[Data shown]

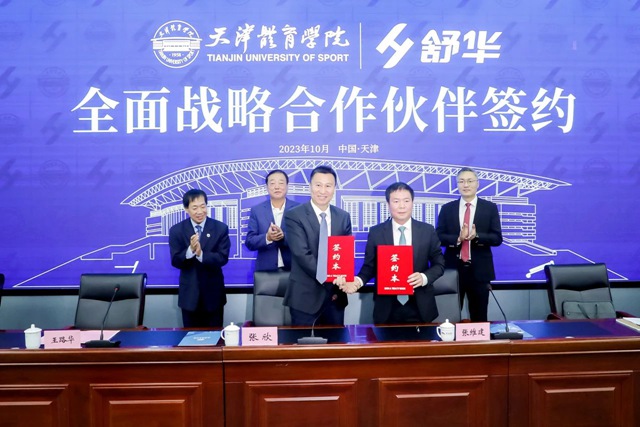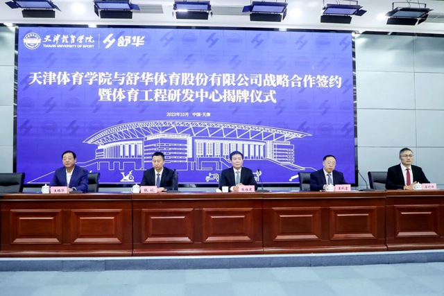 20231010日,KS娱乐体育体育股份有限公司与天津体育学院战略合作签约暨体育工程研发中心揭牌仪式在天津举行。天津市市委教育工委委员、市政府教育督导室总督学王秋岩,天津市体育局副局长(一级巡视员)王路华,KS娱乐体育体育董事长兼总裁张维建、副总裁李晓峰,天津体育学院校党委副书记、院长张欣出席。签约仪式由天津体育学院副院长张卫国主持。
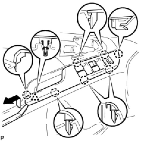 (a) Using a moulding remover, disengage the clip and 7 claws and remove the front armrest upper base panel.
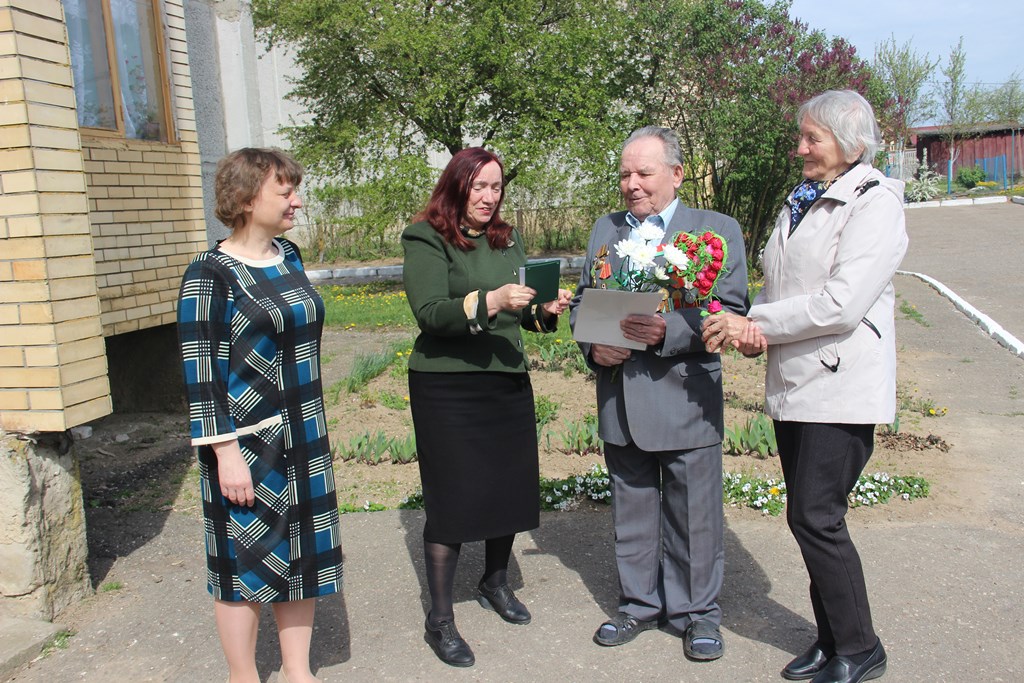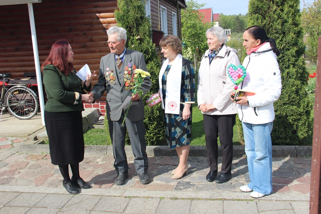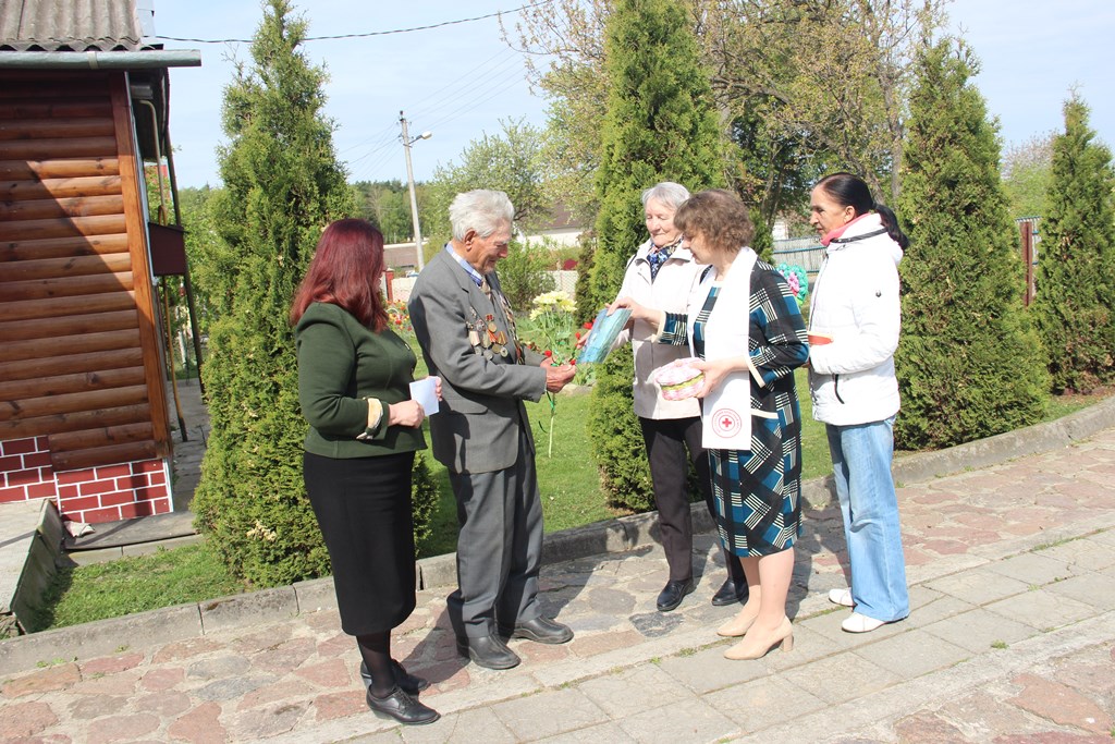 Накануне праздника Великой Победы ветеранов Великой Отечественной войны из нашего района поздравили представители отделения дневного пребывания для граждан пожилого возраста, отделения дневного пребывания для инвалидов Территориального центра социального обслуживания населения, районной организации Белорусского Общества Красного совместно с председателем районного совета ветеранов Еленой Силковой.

[/Data shown]

Task instructions: Line by line, write out the material above exactly, with no images.

Solution to this exercise:
 20231010日,KS娱乐体育体育股份有限公司与天津体育学院战略合作签约暨体育工程研发中心揭牌仪式在天津举行。天津市市委教育工委委员、市政府教育督导室总督学王秋岩,天津市体育局副局长(一级巡视员)王路华,KS娱乐体育体育董事长兼总裁张维建、副总裁李晓峰,天津体育学院校党委副书记、院长张欣出席。签约仪式由天津体育学院副院长张卫国主持。
 (a) Using a moulding remover, disengage the clip and 7 claws and remove the front armrest upper base panel.
 Накануне праздника Великой Победы ветеранов Великой Отечественной войны из нашего района поздравили представители отделения дневного пребывания для граждан пожилого возраста, отделения дневного пребывания для инвалидов Территориального центра социального обслуживания населения, районной организации Белорусского Общества Красного совместно с председателем районного совета ветеранов Еленой Силковой.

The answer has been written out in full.